# EXERCISE OBJECTIVE:
Nothing outside the lines below from the one containing "ダウンパックのステッチ幅を細" through the one containing "7. (2025·江西南昌 28" is to be printed; print those exactly, ends included, and drop the pictures.

BEGIN SUPPLIED RECORDS

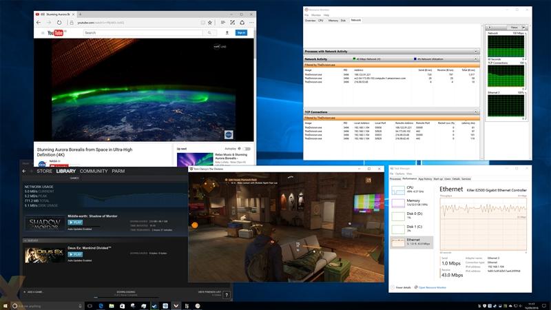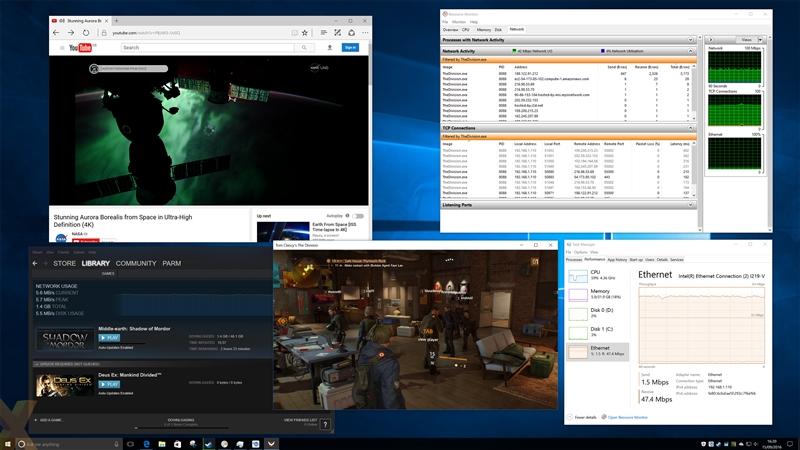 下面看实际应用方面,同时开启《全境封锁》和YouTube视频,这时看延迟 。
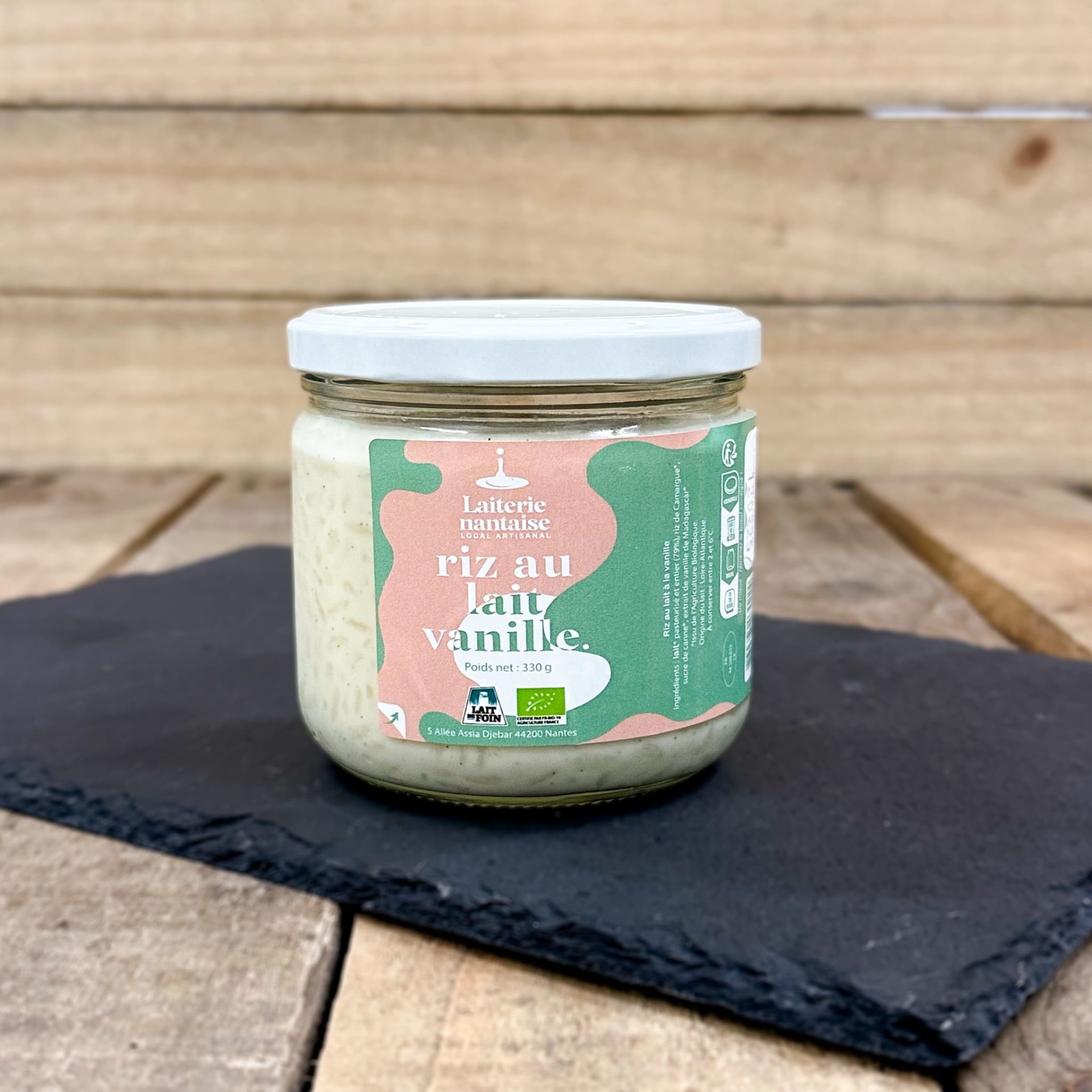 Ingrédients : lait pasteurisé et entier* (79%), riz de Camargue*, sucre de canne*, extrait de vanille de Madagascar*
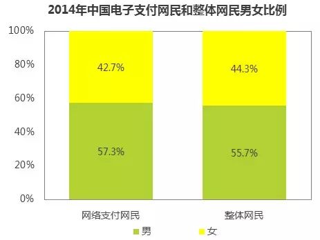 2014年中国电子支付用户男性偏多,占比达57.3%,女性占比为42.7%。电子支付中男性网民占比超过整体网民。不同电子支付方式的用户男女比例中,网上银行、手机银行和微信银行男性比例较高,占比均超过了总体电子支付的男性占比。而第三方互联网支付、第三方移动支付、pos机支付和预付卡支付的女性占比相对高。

END SUPPLIED RECORDS
BEGIN SUPPLIED RECORDS

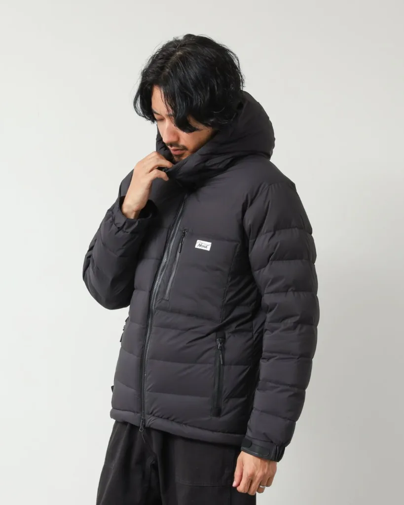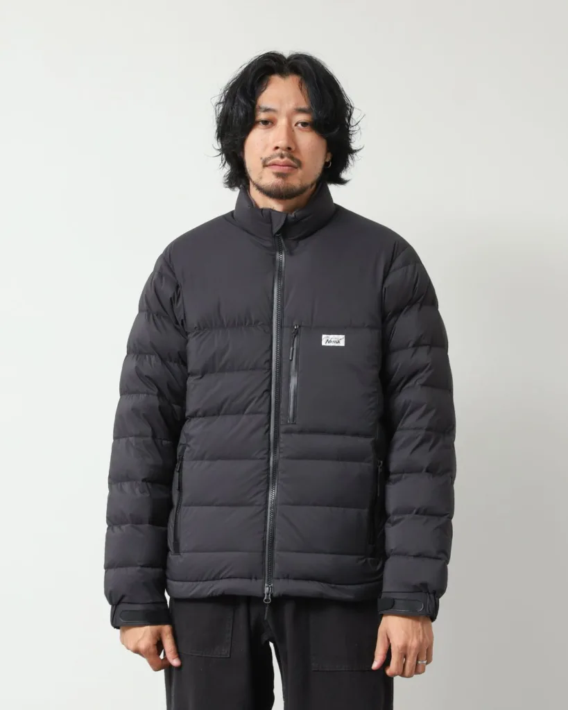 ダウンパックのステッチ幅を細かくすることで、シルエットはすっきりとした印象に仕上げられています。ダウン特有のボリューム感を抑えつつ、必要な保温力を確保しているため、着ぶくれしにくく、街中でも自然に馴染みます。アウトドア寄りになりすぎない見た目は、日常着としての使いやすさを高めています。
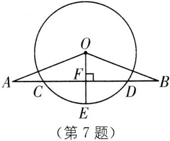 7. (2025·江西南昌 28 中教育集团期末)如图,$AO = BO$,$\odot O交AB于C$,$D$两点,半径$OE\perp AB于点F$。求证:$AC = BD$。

END SUPPLIED RECORDS

# RESULT OF THIS TASK:
 ダウンパックのステッチ幅を細かくすることで、シルエットはすっきりとした印象に仕上げられています。ダウン特有のボリューム感を抑えつつ、必要な保温力を確保しているため、着ぶくれしにくく、街中でも自然に馴染みます。アウトドア寄りになりすぎない見た目は、日常着としての使いやすさを高めています。
 7. (2025·江西南昌 28 中教育集团期末)如图,$AO = BO$,$\odot O交AB于C$,$D$两点,半径$OE\perp AB于点F$。求证:$AC = BD$。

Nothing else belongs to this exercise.